Rudawy Janowickie to niewielkie, ale bardzo atrakcyjne pasmo górskie położone we wschodniej części Sudetów, między Jelenią a Kamienną Górą. Pierwszy raz zawędrowałam tam jeszcze w podstawówce razem z druhnami i druhami z drużyny harcerskiej. Od tamtej pory kojarzyłam je jako idealne miejsce na weekendowy wypad w góry i trzeba przyznać, że miałam do tego nosa już za dzieciaka 😉

Rudawy Janowickie - Sokolik i Krzyżna Góra z Zamku Bolczów

JEDZIEMY W RUDAWY!

Był plan, żeby spędzić aktywny dzień w górach. Miało być niedaleko Wrocławia, ale męcząco i ciekawie, z powiewem świeżości dla wszystkich (tj. Ani i Patryka, Kuby i mnie). Karkonosze za daleko, na Wielkiej Sowie wszyscy byli, nie mówiąc już o dosyć mocno zdeptanej Ślęży. To może piękne Rudawy Janowickie? Pomysł się przyjął, dlatego wygrzebałam mapę i ucieszona poprosiłam pochodzącą z tamtych rejonów Basię o konsultacje w sprawie trasy (było warto!).

Z JANOWIC WIELKICH NA ZAMEK BOLCZÓW

Z Wrocławia do Janowic Wielkich jedzie się niecałe dwie godziny. Auto zostawiliśmy na płatnym parkingu przy prywatnej posesji tuż przy wejściu na zielony szlak, którym zaczęliśmy wspinać się pod górę. Pierwszy dłuższy przystanek zrobiliśmy już przy ruinach Zamku Bolczów, którego historia sięga aż XIV wieku. Był on wielokrotnie burzony i przebudowywany, ale w jego konstrukcji zachowały się fragmenty naturalnych skalnych ścian, wykorzystanych już w pierwszej wersji zamku. Z górnej partii ruin rozpościera się piękna panorama, której dominującymi punktami są tzw. Cyce Rudaw – dwa szczyty Rudaw Janowickich: Sokolik i Krzyżna Góra. Bo obskoczeniu wszystkich skałek i sprawdzeniu wszystkich dziur (a było ich sporo) ruszyliśmy dalej – drogą w kierunku niebieskiego szlaku i dalej Przełęczy Polany Mieszkowskiej.

Rudawy Janowickie - Zamek Bolczów

Rudawy Janowickie - Zamek Bolczów

Rudawy Janowickie - Zamek Bolczów

Rudawy Janowickie - Zamek Bolczów

Cyce Rudaw widziane z Zamku Bolczów

Podziemia Zamku Bolczów i ciekawskie rodzeństwo :)

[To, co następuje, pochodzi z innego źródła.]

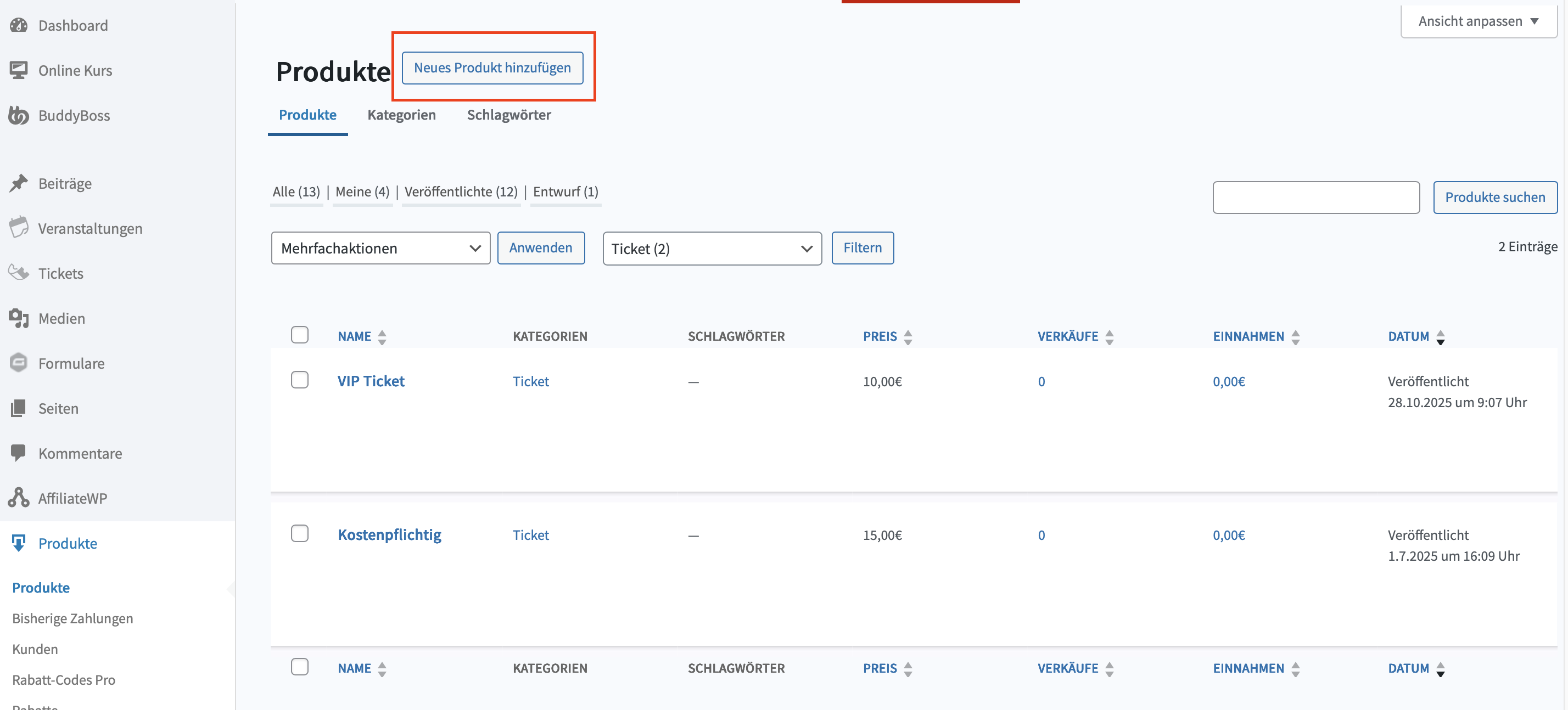 Im Backend unter “Produkte” > “Produkte” kann ein neues Produkt hinzugefügt werden:
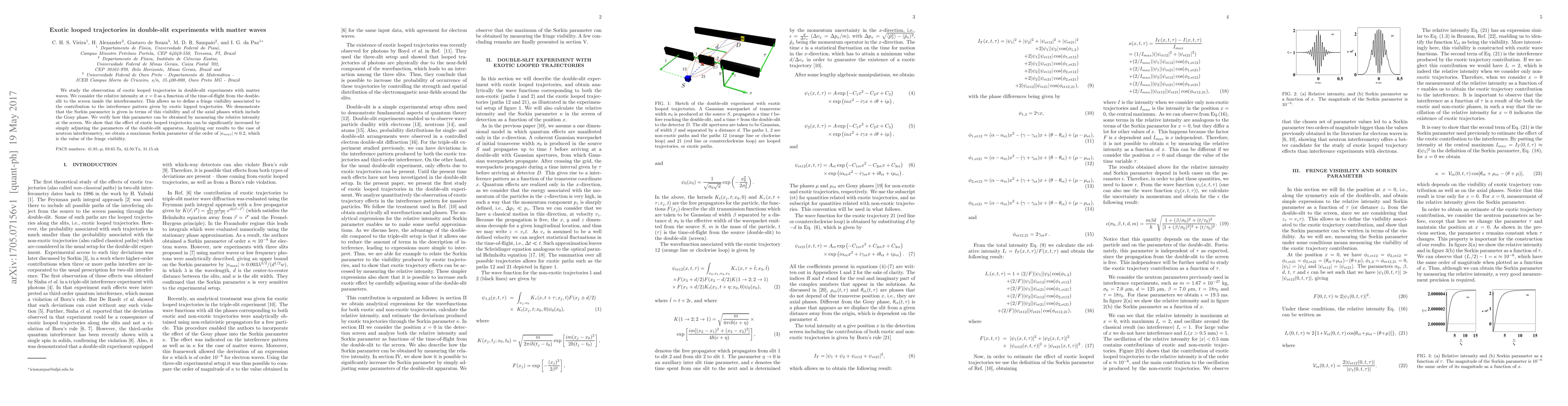 This paper investigates the presence of exotic looped trajectories in double-slit experiments with matter waves, demonstrating their contribution to the interference pattern. The study finds that the Sorkin parameter, which relates to these trajectories, can be measured by observing relative intensity at the screen, and can be enhanced by adjusting experimental parameters.

PIKNIK NA POLANIE I FEERIA BARW

Na polanie postanowiliśmy zrobić piknik (były nawet naleśniki!) i najedzeni ruszyliśmy w dalszą wędrówkę żółtym szlakiem w kierunku Czaszki (554 m n.p.m.). W tym punkcie skręciliśmy w niebieską ścieżkę, która prowadziła nas już wzdłuż największych atrakcji Rudaw Janowickich, czyli Skalnego Mostu, czy labiryntu Starościńskich Skał (fantastycznych do forsowania, obskakiwania i pozowania do zdjęć!). Po drodze zaliczyliśmy sporo punktów widokowych, z których podziwialiśmy soczystą zieleń w różnych odcieniach (to była naprawdę prawdziwa feeria barw, wbrew opinii Kuby, który widział tam po prostu zielony 😉).

Rudawy Janowickie - gdzieś na szlaku

Rudawy Janowickie - Skalny Most

Rudawy Janowickie - widok na feerię barw ;)

Rudawy Janowickie - Starościńskie Skały - "Tuli-tuli skałę!"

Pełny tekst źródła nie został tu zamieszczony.